§ **Data under study**
+--

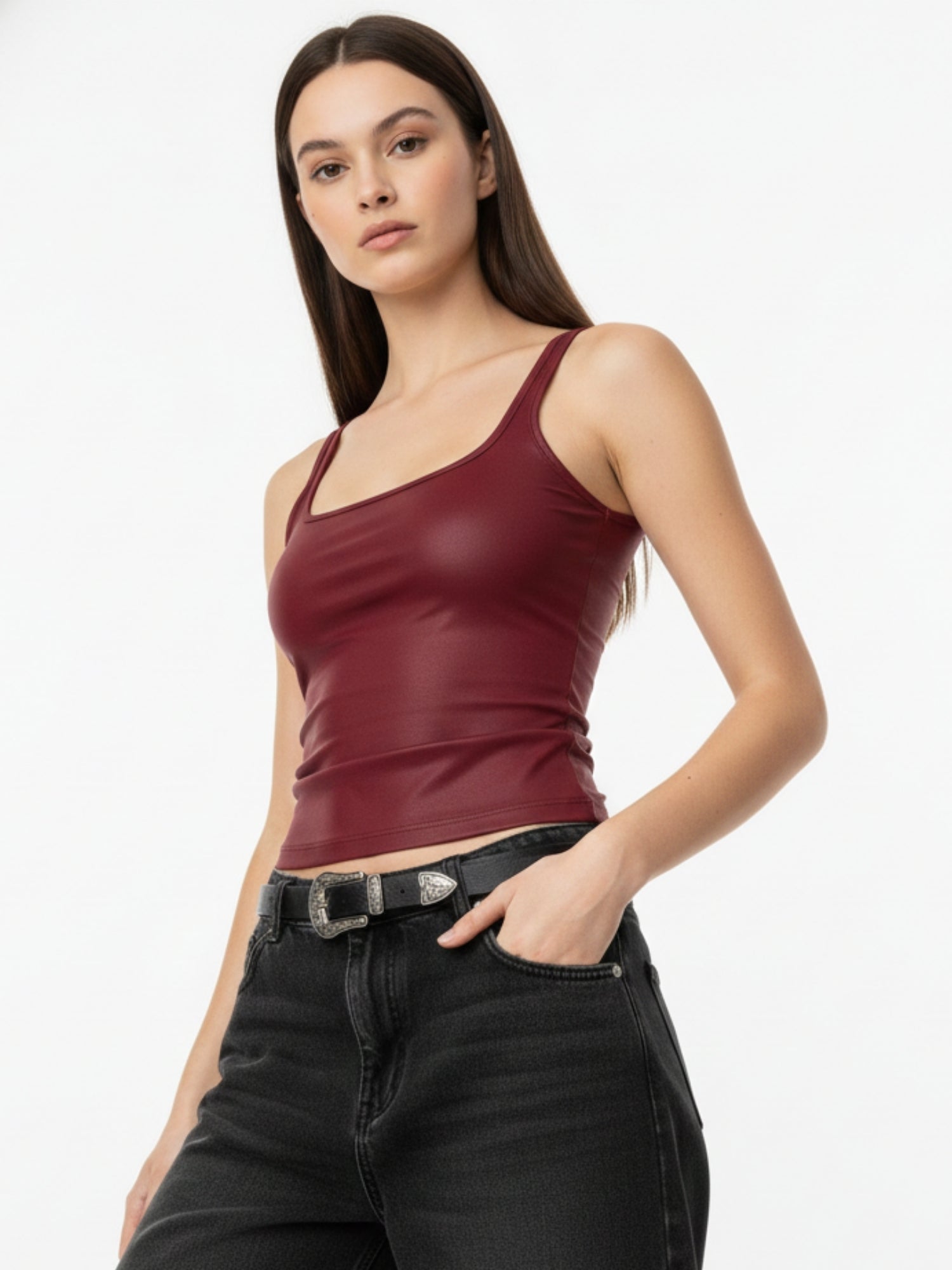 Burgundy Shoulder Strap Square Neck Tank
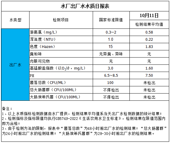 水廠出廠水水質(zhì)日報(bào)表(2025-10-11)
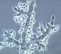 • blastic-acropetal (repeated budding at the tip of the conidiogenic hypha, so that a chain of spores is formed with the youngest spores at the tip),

+--

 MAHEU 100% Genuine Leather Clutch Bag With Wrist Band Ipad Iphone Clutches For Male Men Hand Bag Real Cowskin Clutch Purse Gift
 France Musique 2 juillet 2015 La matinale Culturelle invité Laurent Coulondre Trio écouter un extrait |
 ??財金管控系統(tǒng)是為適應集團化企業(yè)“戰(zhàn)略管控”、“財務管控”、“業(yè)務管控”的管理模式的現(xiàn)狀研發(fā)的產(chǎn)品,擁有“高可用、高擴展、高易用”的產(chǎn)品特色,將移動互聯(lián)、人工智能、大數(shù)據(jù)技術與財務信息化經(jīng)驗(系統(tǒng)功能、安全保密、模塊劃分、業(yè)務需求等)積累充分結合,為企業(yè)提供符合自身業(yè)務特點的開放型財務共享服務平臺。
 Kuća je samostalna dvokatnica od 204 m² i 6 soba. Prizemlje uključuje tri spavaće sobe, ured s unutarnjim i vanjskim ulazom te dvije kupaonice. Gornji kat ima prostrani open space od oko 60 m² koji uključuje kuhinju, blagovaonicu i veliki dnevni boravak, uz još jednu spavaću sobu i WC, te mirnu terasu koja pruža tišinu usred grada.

+--

§ **Activity**
The answer should consist only of the lines above from the one with "水廠出廠水水質(zhì)日報(bào)表(2025-10-11)" through the one with "blastic-acropetal (repeated budding", repeated exactly, with no pictures among them.

§ **Answer for this exercise**
 水廠出廠水水質(zhì)日報(bào)表(2025-10-11)
 • blastic-acropetal (repeated budding at the tip of the conidiogenic hypha, so that a chain of spores is formed with the youngest spores at the tip),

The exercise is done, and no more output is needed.